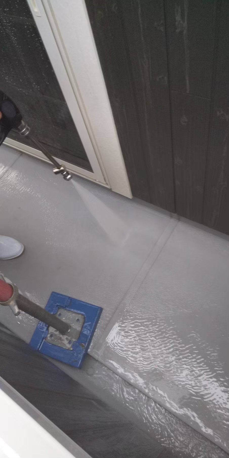 紫外線の影響を受けやすい箇所でもあり、劣化やコケなども多く見られる為、高圧洗浄でしっかりと洗っていきます。
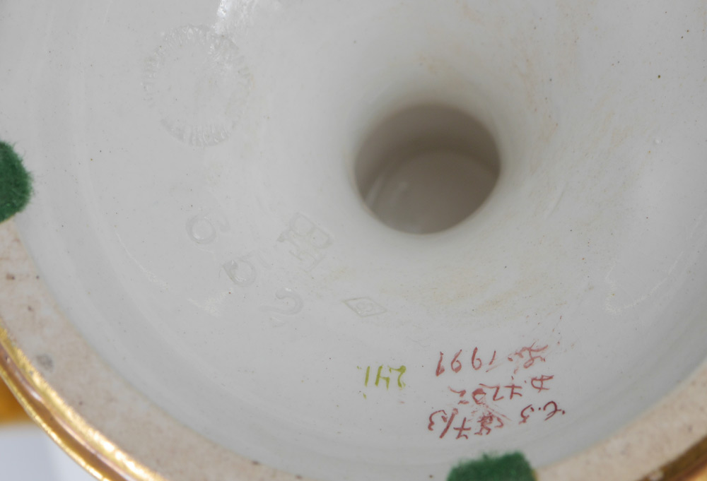 CONDITION: Approx. 2 1/4'' crack from rim into neck, crazing all over.
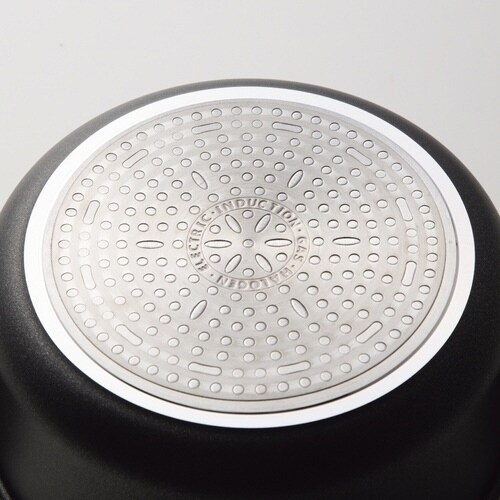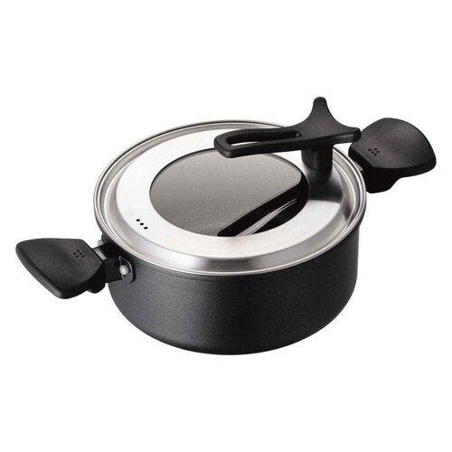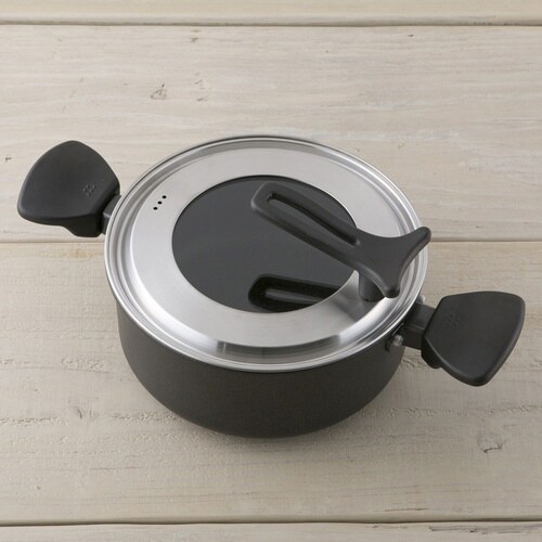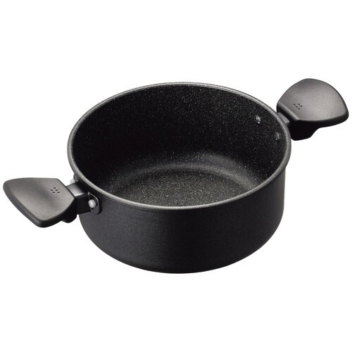 薄い側面で、軽量な両手鍋20cmです。 場所をとらない自立するガラス蓋が付属しています。 汚れに強いマーブルコートコーティングが施されています。 2.6mmの厚い底面なので、優れた保温性があります。 |
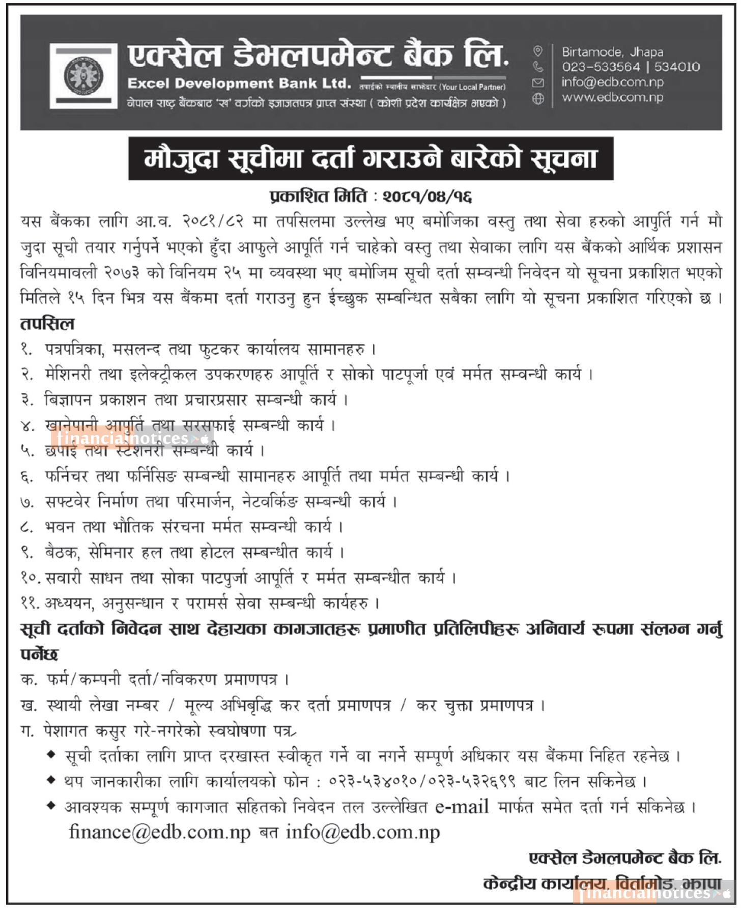 मौजुदा सूचीमा दर्ता गराउने बारेको सूचना
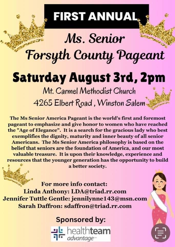 Location: Mt. Carmel Methodist Church (4265 Elbert Road, Winston Salem)
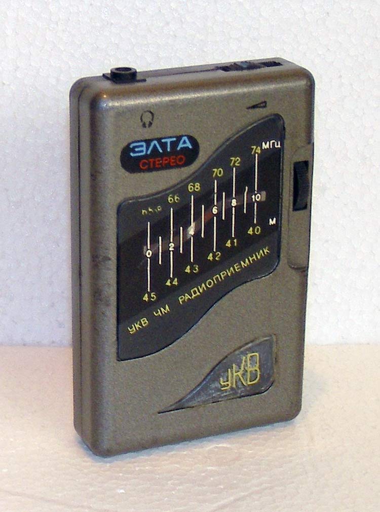 Портативный УКВ радиоприёмник *Элта-Стерео* выпускался с 1993 года. Приёмник предназначен для приёма стереофонических программ радиовещательных станций в УКВ-ЧМ диапазоне. Прослушивание осуществляется на головные стереофонические телефоны, провода которых служат одновременно и антенной. Питается приёмник от одной батареи типа АА. Номинальная выходная мощность 2х5, максимальная 2х25 мВт. Диапазон воспроизводимых звуковых частот на выходе для стереотелефонов 40...14000 Гц. Батареи достаточно на 50 часов непрерывной работы. Габариты приёмника 90х56х18 мм. Масса без батареи 50 гр.
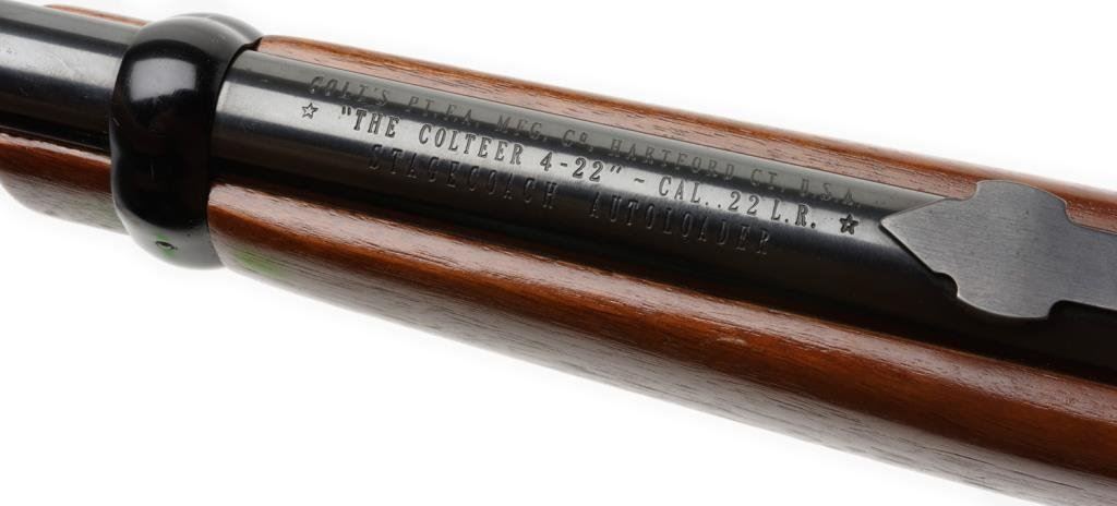 *Colt Colteer semi-automatic rifle, .22LR caliber, no visible S/N; overall very good condition with majority of original finish, good action and wood stocks. Est.: $250-$500.
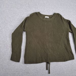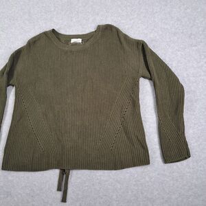 Lucky Brand Sweater Womens Medium Knit Oversized Back Straps Green
------
Task requirements | From the listing above, restate verbatim the lines running from the one with "汚れに強いマーブルコートコーティングが施されています。 2.6mmの厚い底面なので、優れた保温性があります。 |" through the one with "Location: Mt. Carmel", inclusive, but not the pictures.

Solution to this task |
 薄い側面で、軽量な両手鍋20cmです。 場所をとらない自立するガラス蓋が付属しています。 汚れに強いマーブルコートコーティングが施されています。 2.6mmの厚い底面なので、優れた保温性があります。 |
 मौजुदा सूचीमा दर्ता गराउने बारेको सूचना
 Location: Mt. Carmel Methodist Church (4265 Elbert Road, Winston Salem)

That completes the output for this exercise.